= About this task =
Records follow. Print exactly the lines from the one that has "美國超導體公司 AMSC 盤前漲幅一度超過110%" through the one that has "La palme d'apnée", inclusive, and omit the pictures.

= Provided material =

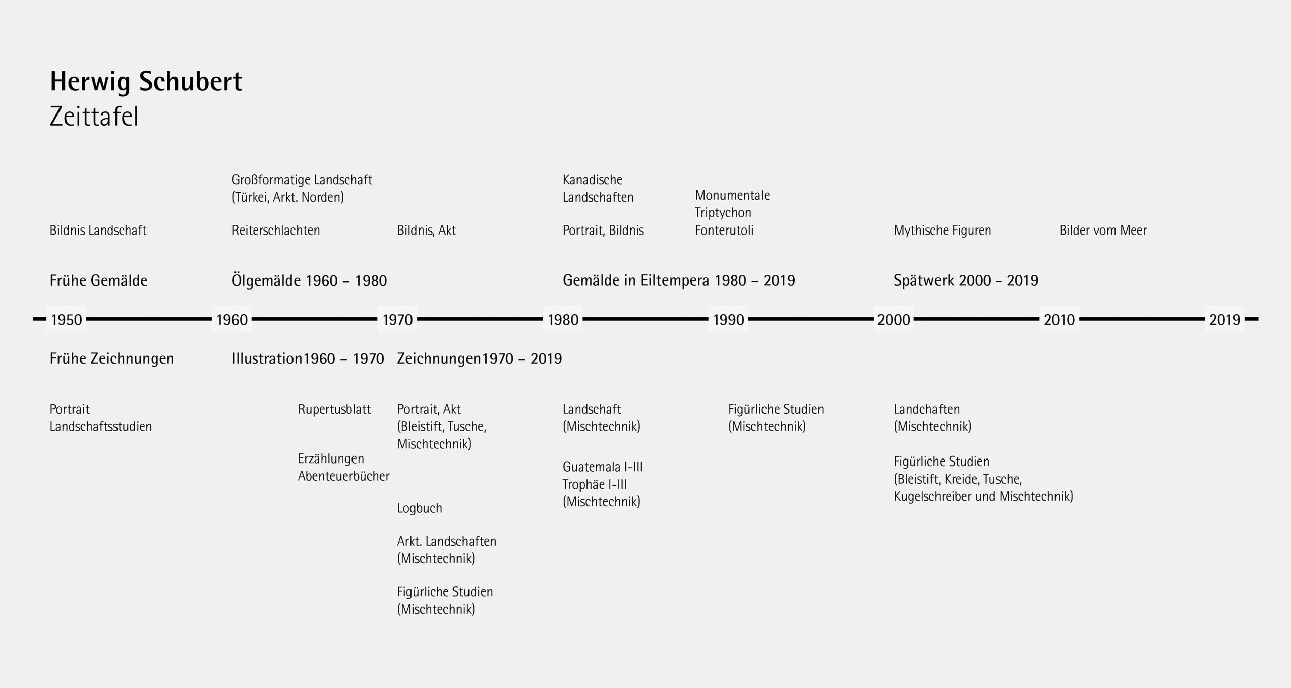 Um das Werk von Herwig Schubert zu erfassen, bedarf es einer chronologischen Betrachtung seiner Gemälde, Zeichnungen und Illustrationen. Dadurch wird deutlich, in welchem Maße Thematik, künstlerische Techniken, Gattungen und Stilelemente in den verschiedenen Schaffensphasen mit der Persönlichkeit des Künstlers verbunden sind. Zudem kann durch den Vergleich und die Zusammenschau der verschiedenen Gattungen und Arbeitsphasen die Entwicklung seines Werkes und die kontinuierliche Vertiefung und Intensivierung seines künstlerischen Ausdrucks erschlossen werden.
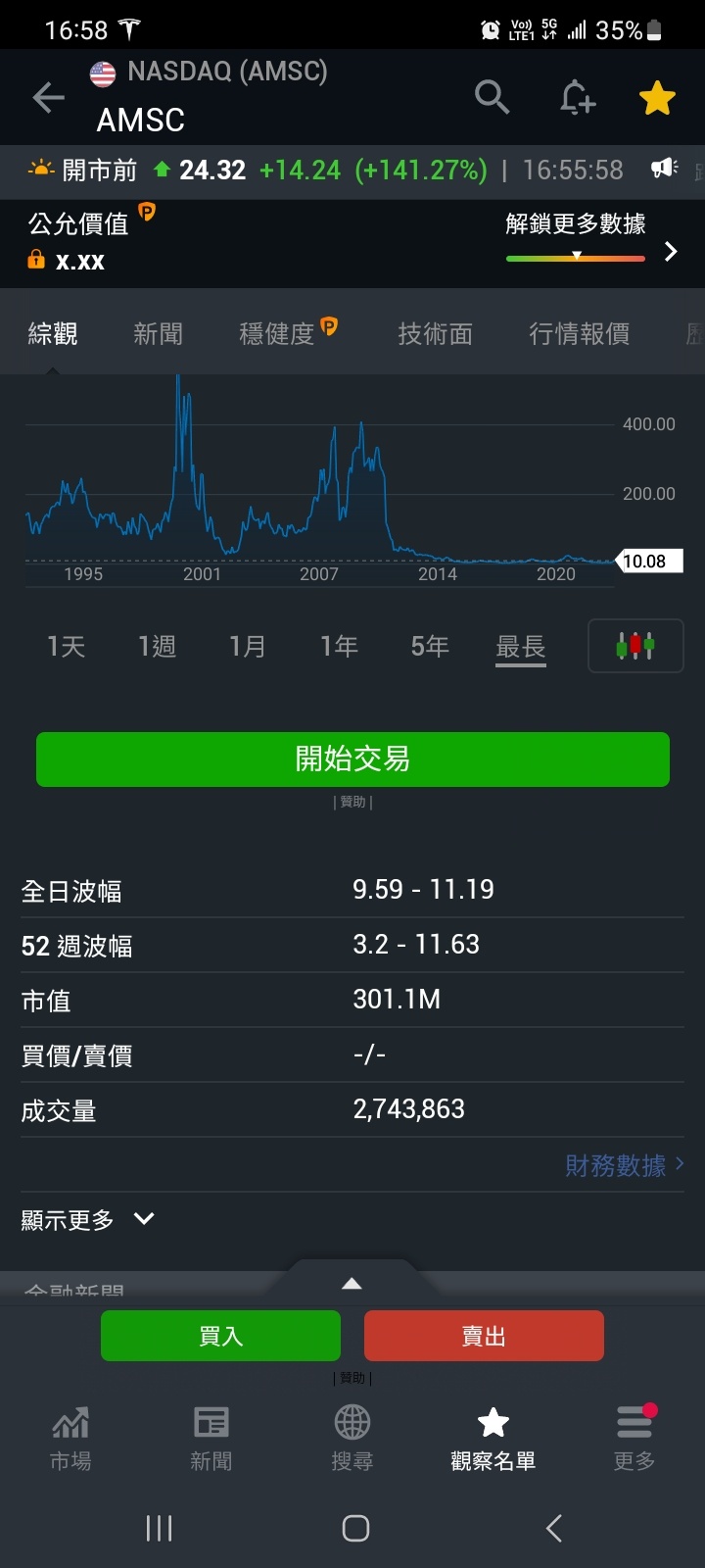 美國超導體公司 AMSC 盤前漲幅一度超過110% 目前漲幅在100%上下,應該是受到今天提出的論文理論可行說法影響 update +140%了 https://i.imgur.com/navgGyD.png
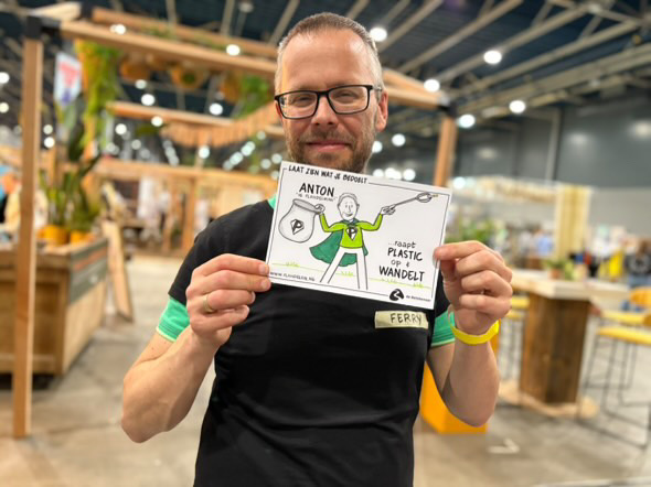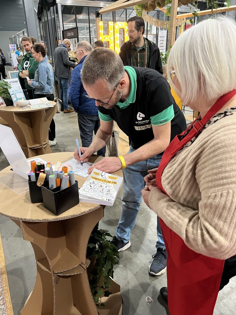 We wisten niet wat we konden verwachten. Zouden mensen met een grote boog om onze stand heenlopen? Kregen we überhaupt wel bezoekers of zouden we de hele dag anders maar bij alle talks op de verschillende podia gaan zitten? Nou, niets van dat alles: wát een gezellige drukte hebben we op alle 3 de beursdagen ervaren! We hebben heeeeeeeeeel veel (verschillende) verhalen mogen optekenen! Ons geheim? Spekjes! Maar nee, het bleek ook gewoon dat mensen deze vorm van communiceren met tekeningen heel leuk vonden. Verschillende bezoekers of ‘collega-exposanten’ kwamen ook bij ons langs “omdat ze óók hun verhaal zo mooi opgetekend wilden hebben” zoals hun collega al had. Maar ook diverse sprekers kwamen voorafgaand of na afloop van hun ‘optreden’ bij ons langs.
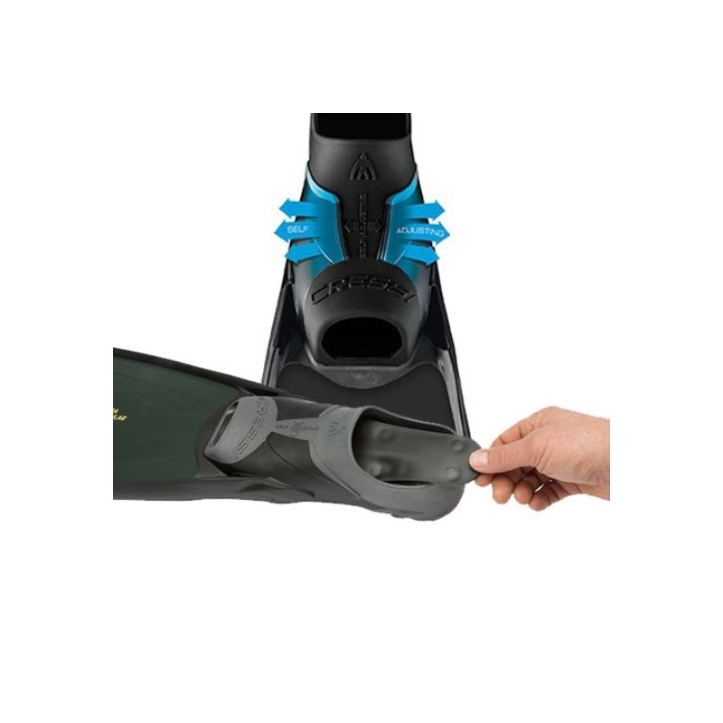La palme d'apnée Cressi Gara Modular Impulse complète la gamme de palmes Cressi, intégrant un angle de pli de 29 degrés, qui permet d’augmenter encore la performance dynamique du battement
* * *
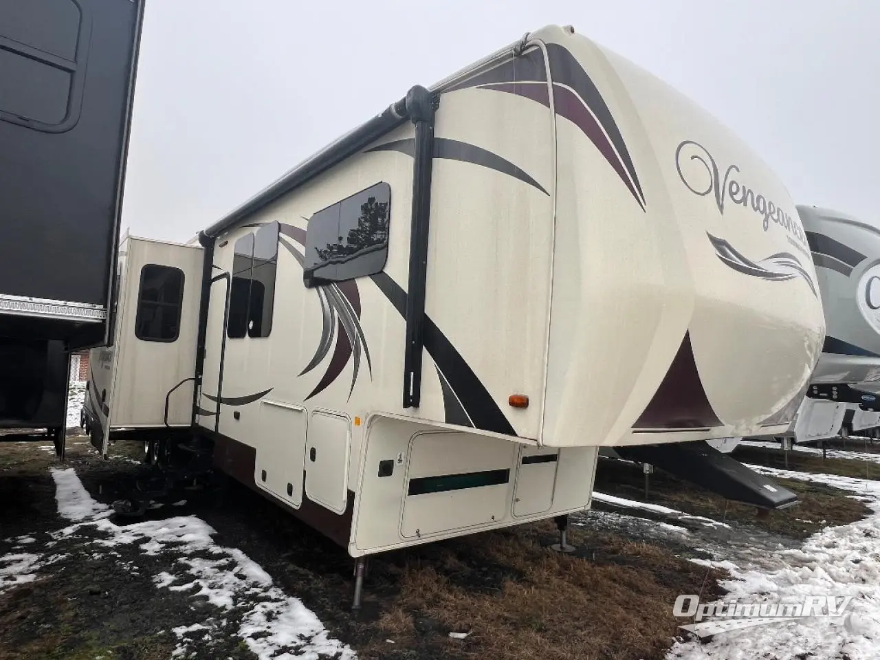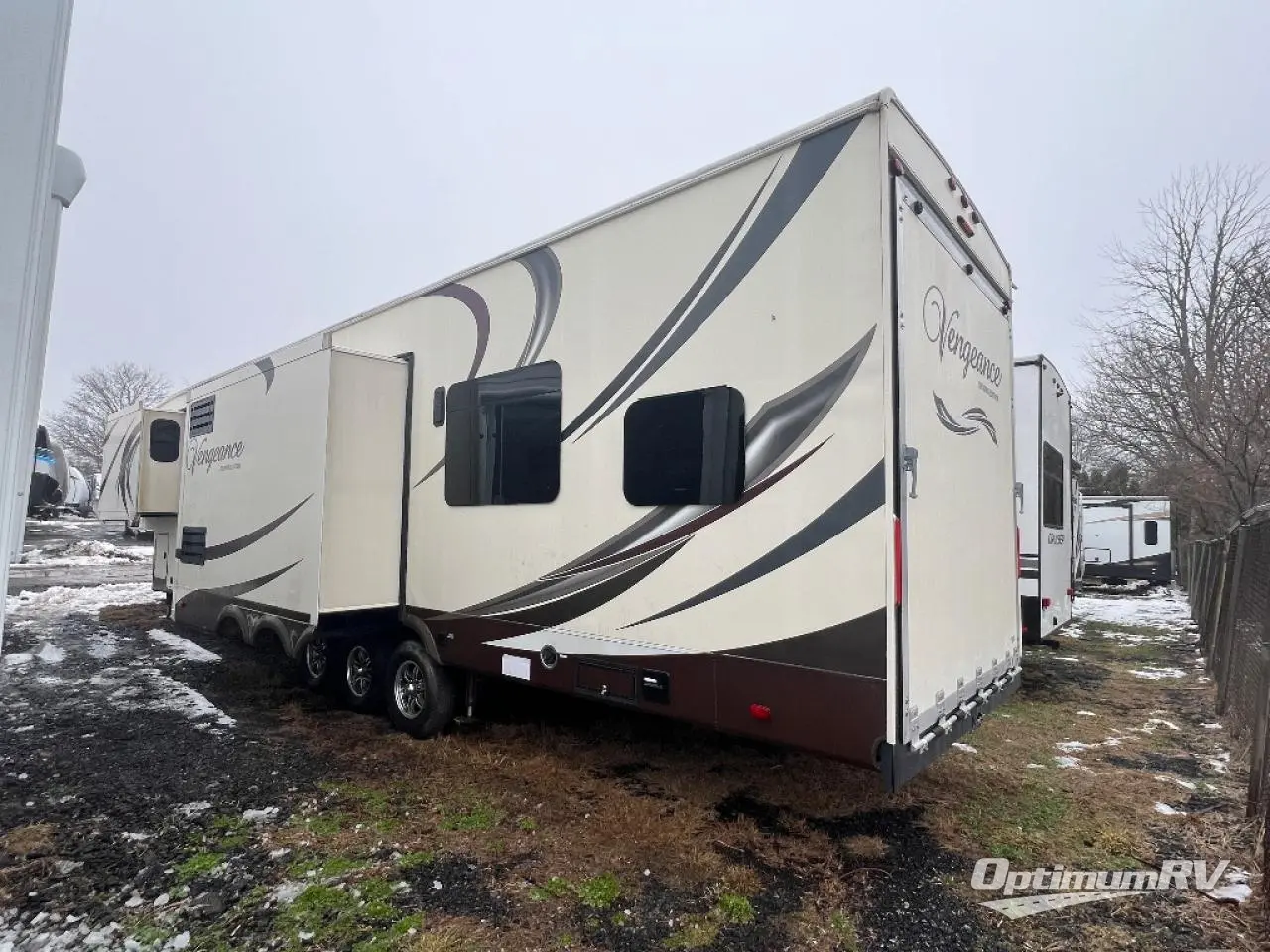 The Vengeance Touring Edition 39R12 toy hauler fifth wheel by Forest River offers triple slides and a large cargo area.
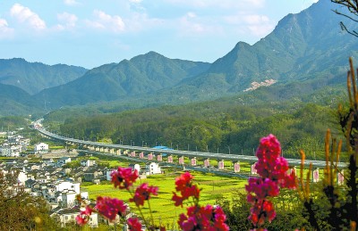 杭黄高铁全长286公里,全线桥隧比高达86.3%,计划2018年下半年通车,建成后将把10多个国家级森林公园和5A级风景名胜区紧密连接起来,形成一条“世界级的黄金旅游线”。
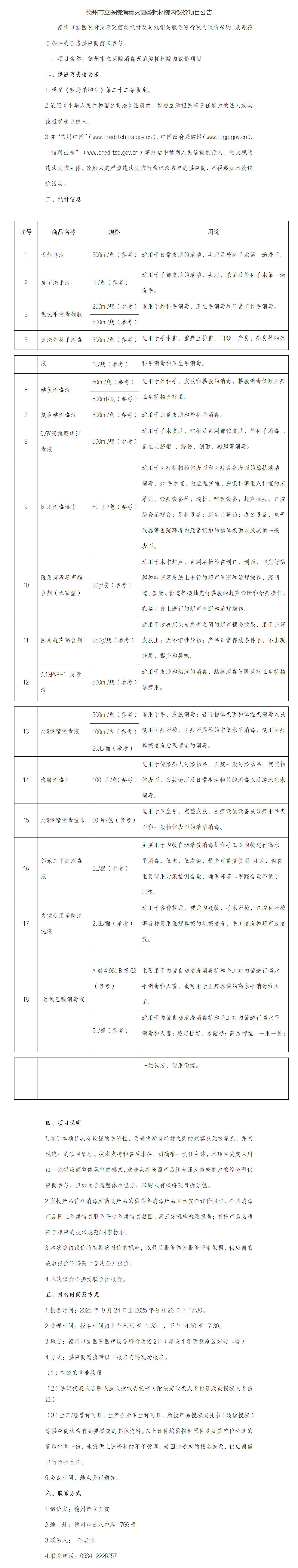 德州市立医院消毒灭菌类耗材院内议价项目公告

= Exercise answer =
 美國超導體公司 AMSC 盤前漲幅一度超過110% 目前漲幅在100%上下,應該是受到今天提出的論文理論可行說法影響 update +140%了 https://i.imgur.com/navgGyD.png
 We wisten niet wat we konden verwachten. Zouden mensen met een grote boog om onze stand heenlopen? Kregen we überhaupt wel bezoekers of zouden we de hele dag anders maar bij alle talks op de verschillende podia gaan zitten? Nou, niets van dat alles: wát een gezellige drukte hebben we op alle 3 de beursdagen ervaren! We hebben heeeeeeeeeel veel (verschillende) verhalen mogen optekenen! Ons geheim? Spekjes! Maar nee, het bleek ook gewoon dat mensen deze vorm van communiceren met tekeningen heel leuk vonden. Verschillende bezoekers of ‘collega-exposanten’ kwamen ook bij ons langs “omdat ze óók hun verhaal zo mooi opgetekend wilden hebben” zoals hun collega al had. Maar ook diverse sprekers kwamen voorafgaand of na afloop van hun ‘optreden’ bij ons langs.
La palme d'apnée Cressi Gara Modular Impulse complète la gamme de palmes Cressi, intégrant un angle de pli de 29 degrés, qui permet d’augmenter encore la performance dynamique du battement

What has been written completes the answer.